* RECORDED INFORMATION:

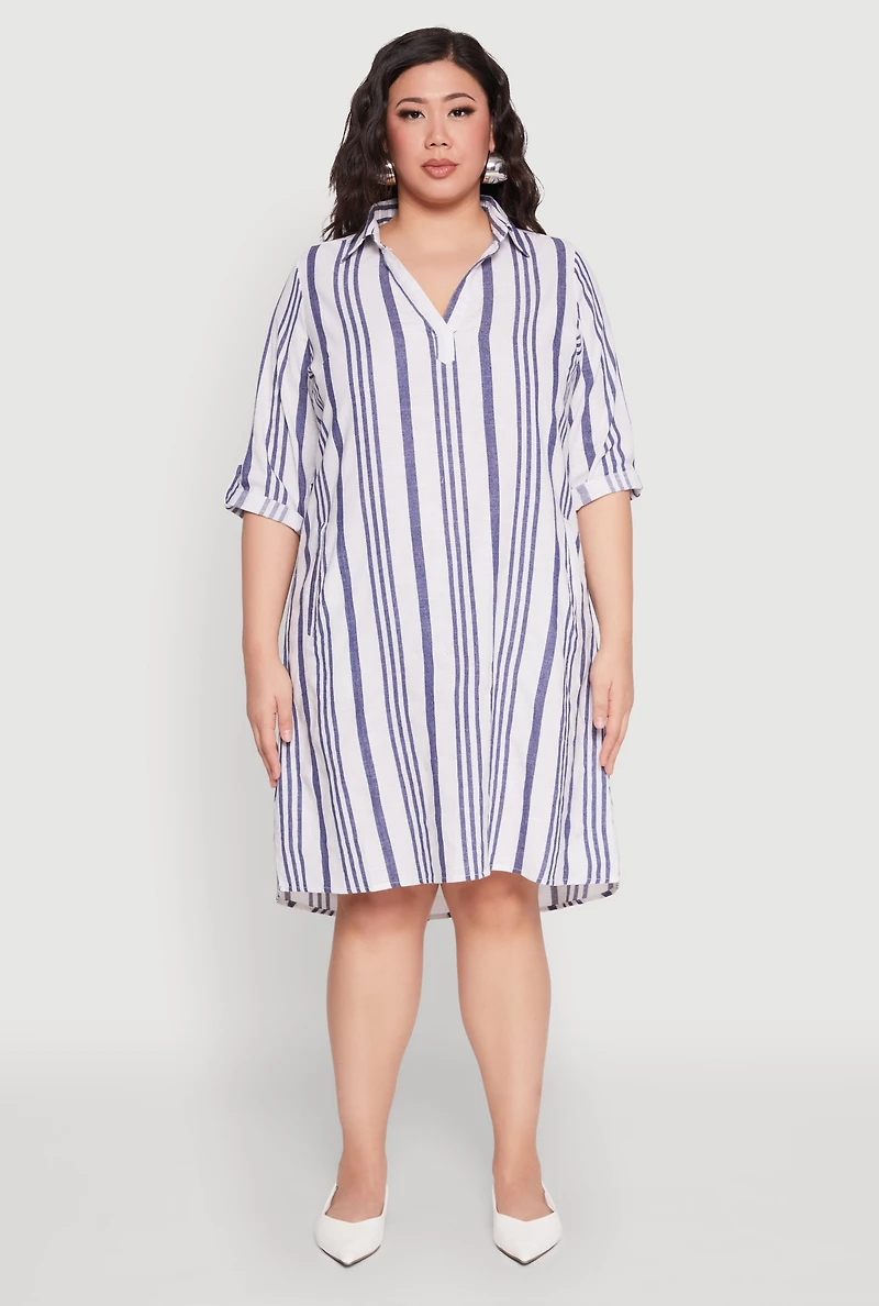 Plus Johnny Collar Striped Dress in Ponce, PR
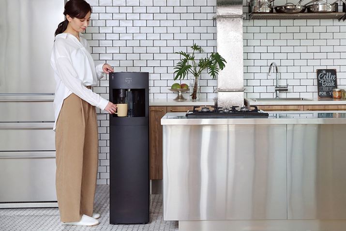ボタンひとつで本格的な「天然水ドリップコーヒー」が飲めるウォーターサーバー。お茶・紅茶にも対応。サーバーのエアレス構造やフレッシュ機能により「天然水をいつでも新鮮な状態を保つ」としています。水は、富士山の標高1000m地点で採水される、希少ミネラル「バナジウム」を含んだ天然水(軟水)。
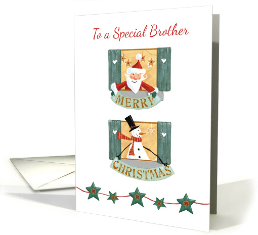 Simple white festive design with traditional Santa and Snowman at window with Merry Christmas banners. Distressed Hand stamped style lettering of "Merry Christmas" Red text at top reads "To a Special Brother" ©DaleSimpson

* YOUR INSTRUCTIONS: Repeat, word for word and with no pictures, only the lines running from the beginning of the data to the line that contains "ボタンひとつで本格的な「天然".

* EXPECTED OUTPUT:
 Plus Johnny Collar Striped Dress in Ponce, PR
ボタンひとつで本格的な「天然水ドリップコーヒー」が飲めるウォーターサーバー。お茶・紅茶にも対応。サーバーのエアレス構造やフレッシュ機能により「天然水をいつでも新鮮な状態を保つ」としています。水は、富士山の標高1000m地点で採水される、希少ミネラル「バナジウム」を含んだ天然水(軟水)。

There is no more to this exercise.